Showing posts with label Revactor. Show all posts
Showing posts with label Revactor. Show all posts

Tuesday, January 29, 2008

Ruby Concurrency with Actors

Tony Arcieri (read an interview with Tony here) recently posted an announcement about his new Revactor library, which provides actor style concurrency built atop Ruby 1.9’s new Fiber technology. Since Fibers and Actors haven’t been a part of the Ruby lexicon, I wanted to put some information together to help myself (and anyone else who wants to crib off my notes) get up to speed. Update! You might also want to check out my new Questions Five Ways on Concurrency post.

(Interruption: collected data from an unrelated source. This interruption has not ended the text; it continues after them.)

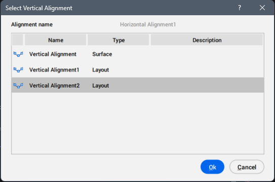 - Crea puntos civiles a lo largo de una alineación. Cuando la alineación horizontal incluye una alineación vertical y el atributo Elevación del punto está establecido en A partir de un objeto, se abre el cuadro de diálogo Seleccionar Alineación Vertical. Esto le permite establecer las elevaciones de los puntos civiles en la alineación vertical seleccionada.
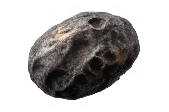 Asteroid or meteoroid object with rocky, cratered surface on transparent background, science and space concept
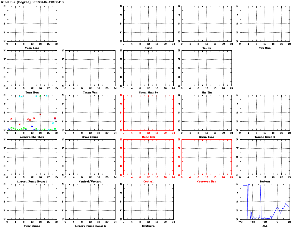 | Air Quality Data Time Series for WD (2018/04/18) | ( Line colors: Day -3 Day -2 Day -1 Current day ) | 2D Map Current AQHI |
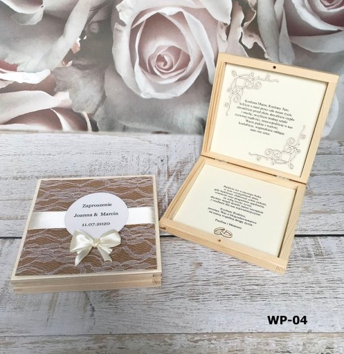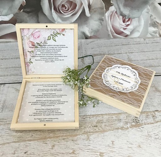 Zaproszenie w formie drewnianego pudełka zamykanego na magnes
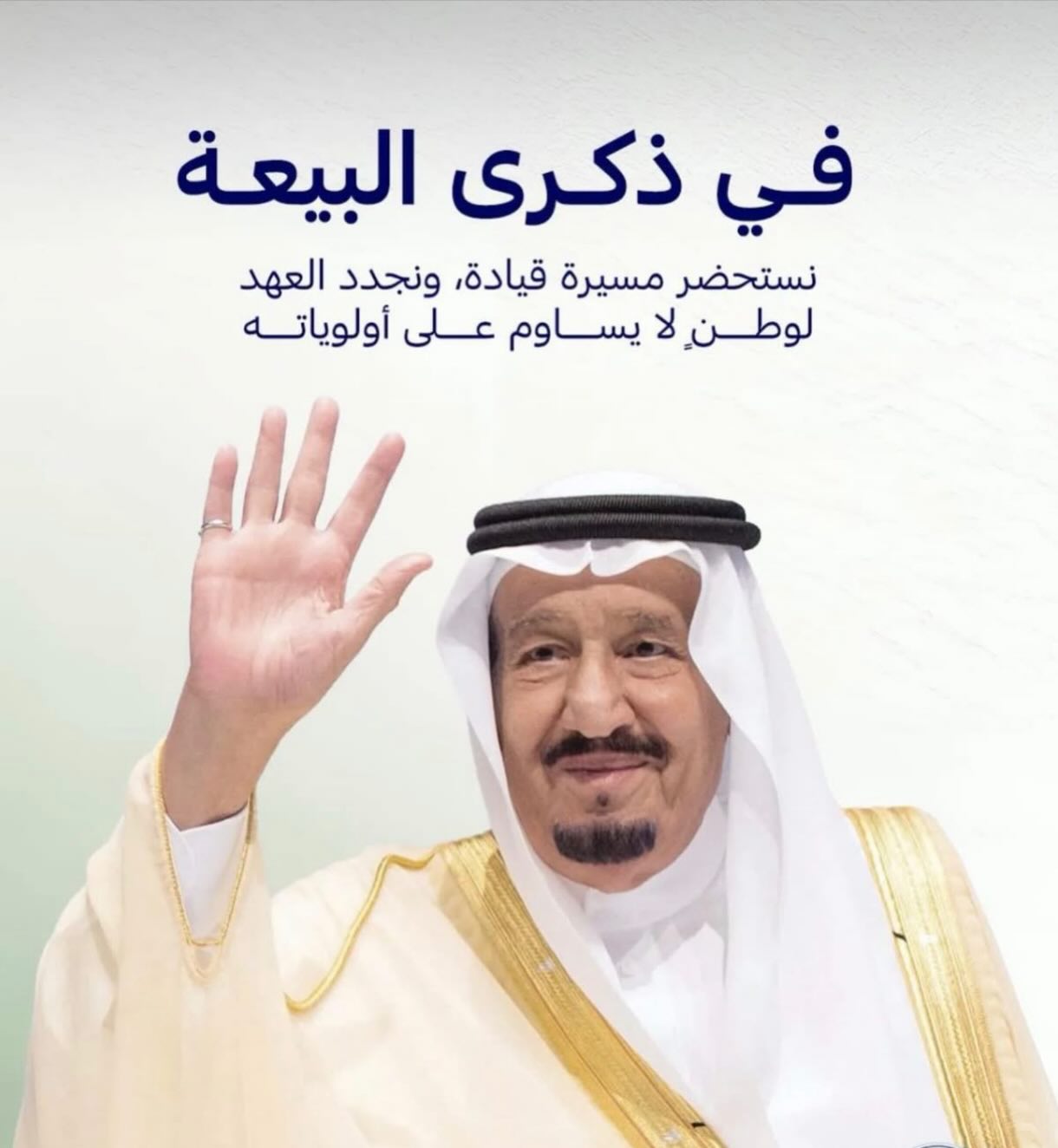 «في ذكرى البيعة، نجدد العهد لوطنٍ تقوده قيادة حكيمة وضعت العزم والرؤية أساساً للمستقبل. حفظ الله خادم الحرمين الشريفين الملك سلمان بن عبدالعزيز آل سعود».
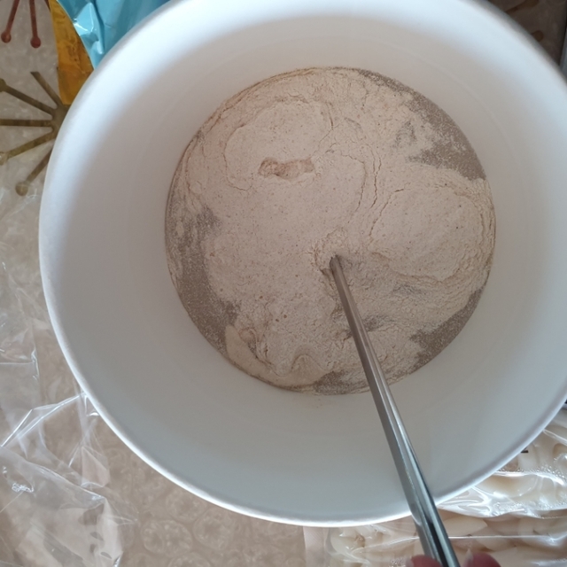 여기서 잘 섞어야돼 이거 심하게 뭉쳐있으면 전자레인지 돌리면서 분말이 익으면서 타버려 잘 섞어주기
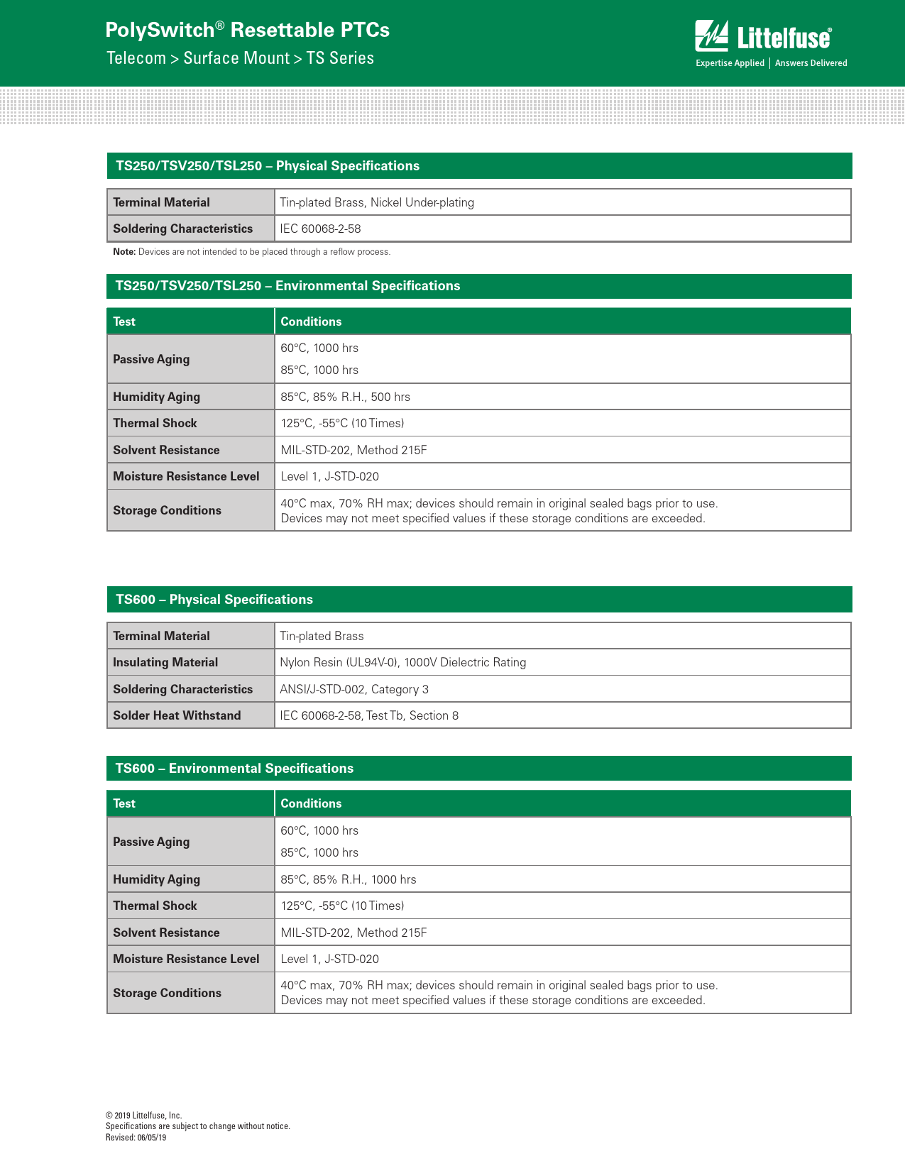 Devices may not meet specified values if these storage conditions are exceeded. © 2019 Littelfuse, Inc. Specifications are subject to change without notice. Revised: 06/05/19
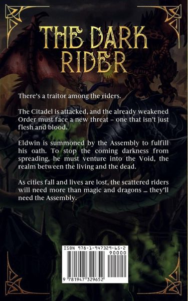 There's a traitor among the riders. The Citadel is attacked, and the already weakened Order must face a new threat - one that isn't just flesh and blood. Eldwin is summoned by the Assembly to fulfill his oath. To stop the coming darkness from spreading, he must venture into the Void, the realm between the living and the dead. As cities fall and lives are lost, the scattered riders will need more than magic and dragons ... they'll need the Assembly. Fans of Sarah K.L. Wilson's Dragon School, Christopher Paolini's Eragon and Anne McCaffrey's Dragon Riders of Pern will feel right at home. The Dark Rider is the tenth episode of the series Dragon Riders of Osnen.

To start with, I figured it was best to with the basics. Quoting from Revactor’s Philsophy page

The basic operation of an Actor is easy to understand: like a thread, it runs concurrently with other Actors. However, unlike threads it is not pre-emptable. Instead, each Actor has a mailbox and can call a routine named ‘receive’ to check its mailbox for new messages. The ‘receive’ routine takes a filter, and if no messages in an Actor’s mailbox matches the filter, the Actor sleeps until it receives new messages, at which time it’s rescheduled for execution.

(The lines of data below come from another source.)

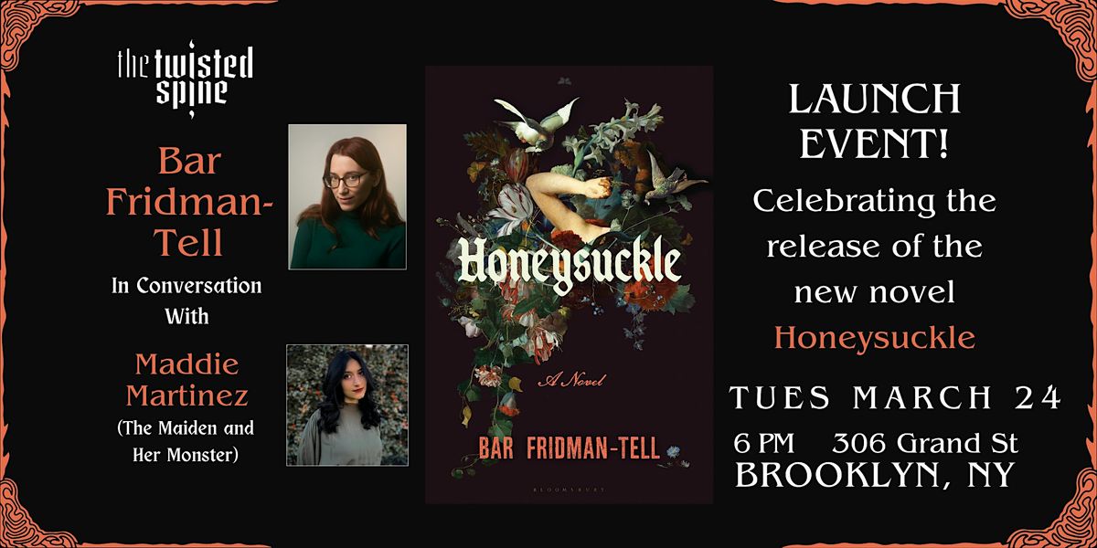 Join us on March 24, 2026 at 6:00 PM for the unveiling of the exciting new release HONEYSUCKLE by author Bar Fridman-Tell. Joining Fridman-Tell in conversation will be author Maddie Martinez (THE MAIDEN AND HER MONSTER).
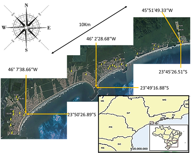 According to Köppen,14 the climate in the Bertioga region is classified as type Af (tropical with rain all year round), with annual average temperatures around 24 ºC and yearly rainfall of 3,207 mm, with the highest average values occurring in January, February, and March, while the lowest in June and July, revealing a water surplus in all months of the year.15
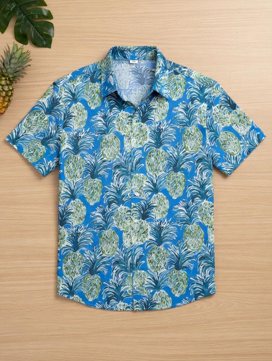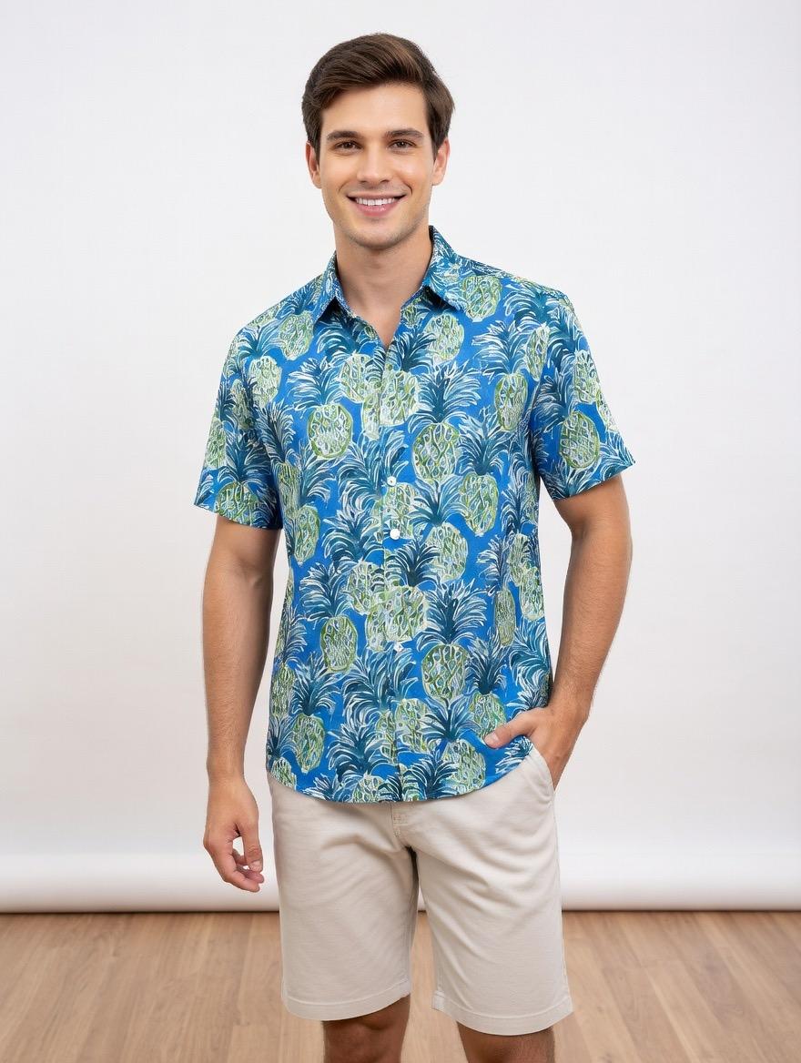 Camisa Hawaiana de hombre con estampado de piñas. Tejido fresco y ligero.

Well, that’s a bit of a naive description. In reality the important part about Actors is that they cannot mutate shared state simultaneously. That means there are no race conditions or deadlocks because there are no mutexes, conditions, and semaphores, only messages and mailboxes.

Ok, that’s not so bad. How well can this work in Ruby? I thought I’d go to the horses mouth for this one. Joe Armstrong, creator of the Erlang language which is built on the Actor model had this to say:

Difficult to say – we always said that performance of a concurrent system depends upon three critical times

  1. process spawning
  2. context switching
  3. message passing times If you can make these fast it might work.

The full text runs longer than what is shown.